The psychological mechanism of sublimation of unfulfilled potentialities that is so well described in psychoanalytic theory is now raised to a higher level of service and commitment by the spiritual glory of transfiguration. Psychological understanding can help a person make the most of his present endowments, however poor they may be. Spiritual wisdom can extend this basic, but very important, work by evoking an openness to the creative power of life in the love that comes from the constant, yet unobtrusive, solicitude of the counsellor. This 'creative power of life' is, incidentally, as satisfactory a definition of the work of the Holy Spirit as many humanistic agnostics would allow. But just as the common people who heard Jesus gladly were unknowingly encountering the very voice of God in whom until then they had only been able to believe from afar, so the agnostic client who is brought into direct relationship with the accepting love of a counsellor may begin to recognise the love of God by direct mystical insight. In the end all true love is known mystically, by which I mean that such love shows itself by lifting the beloved far beyond the limitations of his human nature to an apprehension of the glory of eternal union with the divine. Love, in other words, brings out the divinity lying at the core of our inner existence; it lets the spirit of the soul shine through the personality and be concentrated at the point of the ego, usually so demanding and predatory, so that Christ can show Himself in the life of the beloved, no matter how brief this appearance may be. But then one can say with the blind man whom Jesus healed, 'All I know is this: once I was blind, now I can see' (John 9:25).

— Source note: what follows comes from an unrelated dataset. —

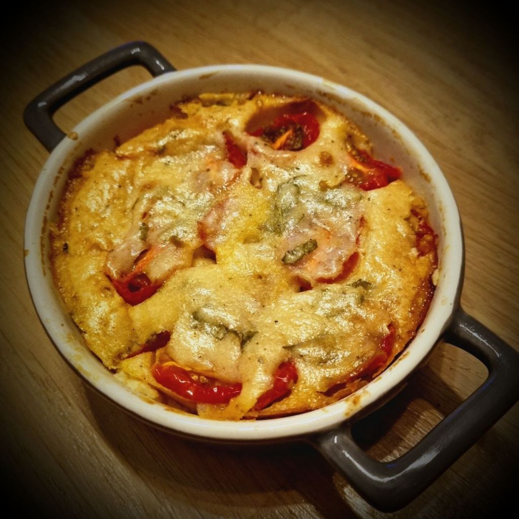Couper les tomates en 2 et les disposer dans des petits moules sur 1 couches. Verser le mélange sur le dessus. Enfourner 25min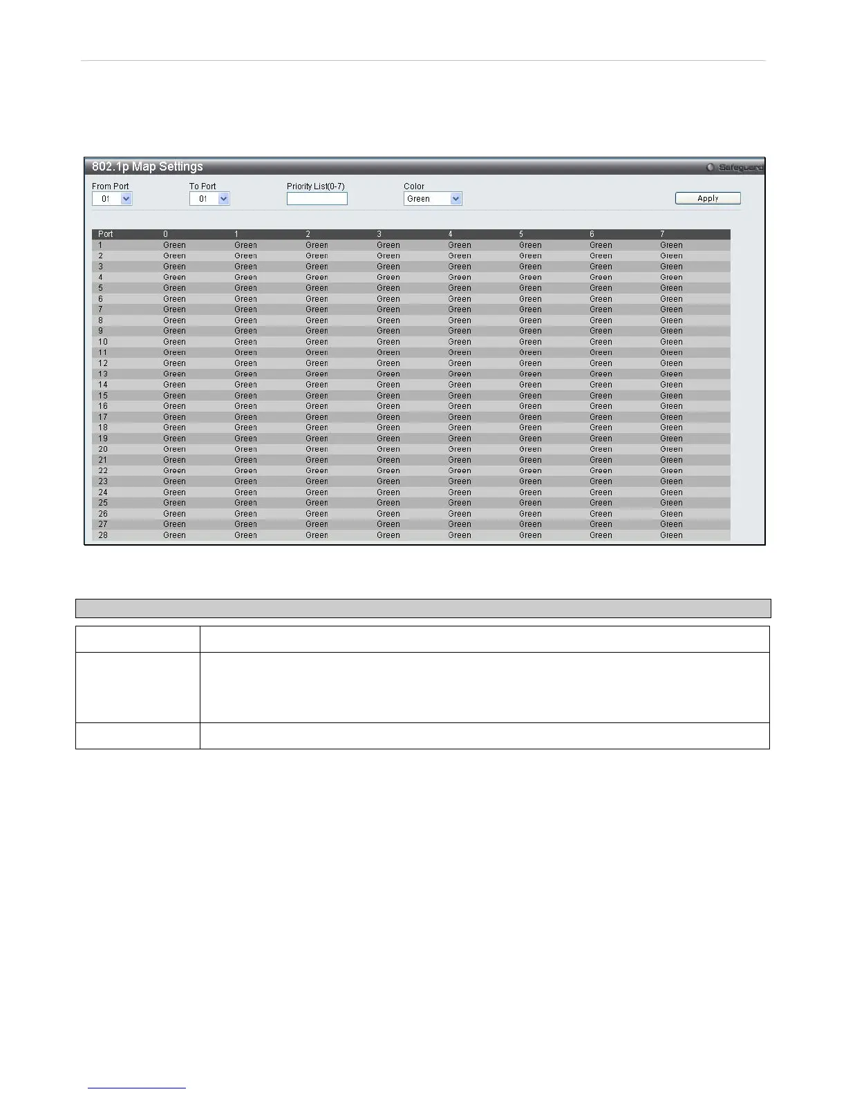 Priority List(0-7) This parameter is specified if you want to re-write the 802.1p default priority previously set in the

It must also be acknowledged that the vast procession of human beings that we, as one of their number, encounter in a life's work, comprise a motley throng of individuals. Each is on his own rung of the ladders of spiritual development What is right for the needs of one person in terms of relationships may not be appropriate for someone else. Furthermore, all life is growth. The opinions we held when we were young should have been considerably modified and broadened by, the experience of life, and our lives on this earth are yet to be completed. Healing and growth are so complementary one to another as to be almost interchangeable categories. This is another reason why we must never judge, let alone condemn the life-style of another person. But when that life-style brings with it the exploitation or abuse of someone else, we are impelled to open the shutters of his mind so that he can begin to see the implications of his actions. The law is plain: whatever measure you deal out to others will be dealt back to you (Matt. 7:2). This terrible, though inevitable, law is fortunately subject to the other great law of forgiveness that permeates the universe and was, as Christians would assert, manifested crucially in the life of Christ. The love of God modifies and redirects the justice of God, but we have to make the first move, and this is the confession of sins. We are told elsewhere in the Sermon on the Mount 'Ask, and you will receive; seek, and you will find; knock, and the door will be opened. For everyone who asks receives, he who seeks finds, and to him who knocks, the door will be opened' (Matt. 7:7-8). But we have to seek, to ask and finally to knock at the door of the soul, so that He who knocks patiently at the other side, awaiting admission, may be allowed in to sit down to supper with us and we with Him (Rev. 3:20).

Counselling therefore has two aspects; the love of acceptance and the stern direction of the Holy Spirit leading the client on his way, divested of all illusions and disembarrassed of all unnecessary possessions, to become a person in his own right.